To do →
In the copy, keep the lines from the first line of the material below through the line containing "The Knit-and-Trouser Classic: Tailored" exactly as they are, and include no pictures.

** Extracted information follows **

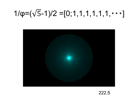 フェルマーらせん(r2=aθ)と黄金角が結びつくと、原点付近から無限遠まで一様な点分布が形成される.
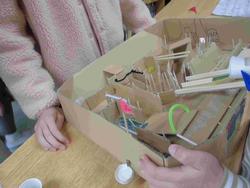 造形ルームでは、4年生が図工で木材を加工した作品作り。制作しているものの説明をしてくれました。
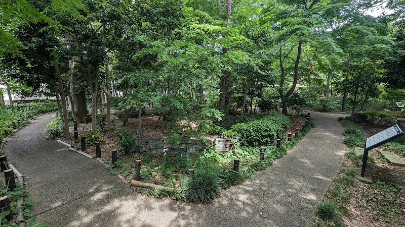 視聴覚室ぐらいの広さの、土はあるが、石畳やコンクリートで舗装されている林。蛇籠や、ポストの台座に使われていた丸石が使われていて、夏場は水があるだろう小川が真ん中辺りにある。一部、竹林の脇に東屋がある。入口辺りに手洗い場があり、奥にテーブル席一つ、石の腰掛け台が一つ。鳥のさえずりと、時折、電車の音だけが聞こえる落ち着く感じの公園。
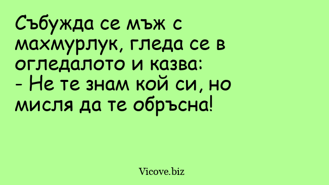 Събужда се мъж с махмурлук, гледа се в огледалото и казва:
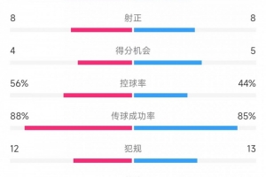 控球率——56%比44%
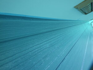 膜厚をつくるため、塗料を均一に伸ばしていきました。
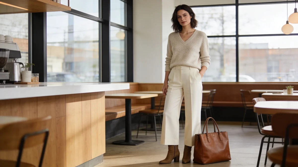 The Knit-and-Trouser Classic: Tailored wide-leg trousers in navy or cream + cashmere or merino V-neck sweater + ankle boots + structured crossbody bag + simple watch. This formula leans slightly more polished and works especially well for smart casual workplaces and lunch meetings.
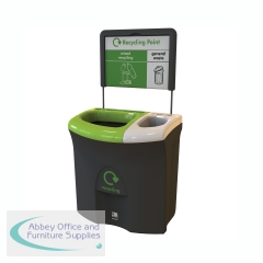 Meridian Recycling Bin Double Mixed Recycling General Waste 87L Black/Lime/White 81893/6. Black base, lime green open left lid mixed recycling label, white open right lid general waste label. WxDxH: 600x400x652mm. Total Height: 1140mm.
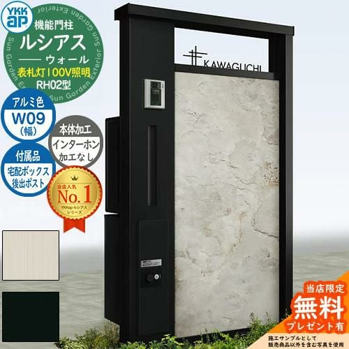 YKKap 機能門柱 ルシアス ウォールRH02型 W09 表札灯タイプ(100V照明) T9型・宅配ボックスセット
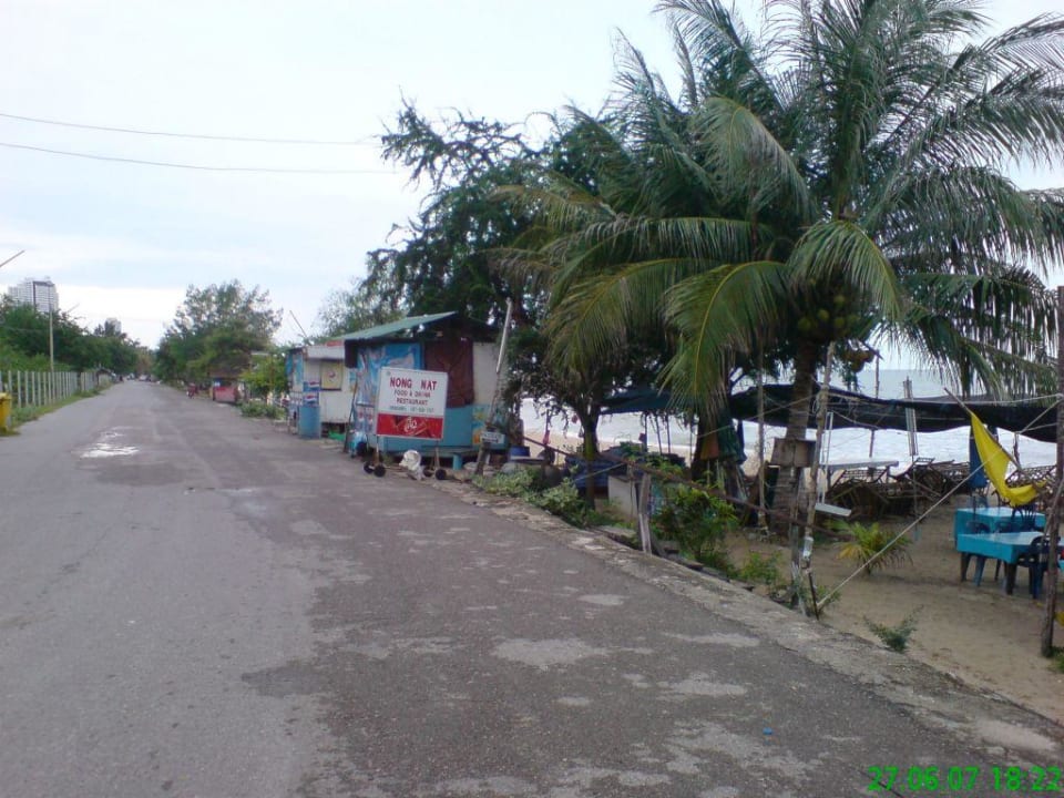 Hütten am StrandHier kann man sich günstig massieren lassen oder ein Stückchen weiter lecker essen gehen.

** End of Extracted information **

Solution to this task →
 フェルマーらせん(r2=aθ)と黄金角が結びつくと、原点付近から無限遠まで一様な点分布が形成される.
 造形ルームでは、4年生が図工で木材を加工した作品作り。制作しているものの説明をしてくれました。
 視聴覚室ぐらいの広さの、土はあるが、石畳やコンクリートで舗装されている林。蛇籠や、ポストの台座に使われていた丸石が使われていて、夏場は水があるだろう小川が真ん中辺りにある。一部、竹林の脇に東屋がある。入口辺りに手洗い場があり、奥にテーブル席一つ、石の腰掛け台が一つ。鳥のさえずりと、時折、電車の音だけが聞こえる落ち着く感じの公園。
 Събужда се мъж с махмурлук, гледа се в огледалото и казва:
 控球率——56%比44%
 膜厚をつくるため、塗料を均一に伸ばしていきました。
 The Knit-and-Trouser Classic: Tailored wide-leg trousers in navy or cream + cashmere or merino V-neck sweater + ankle boots + structured crossbody bag + simple watch. This formula leans slightly more polished and works especially well for smart casual workplaces and lunch meetings.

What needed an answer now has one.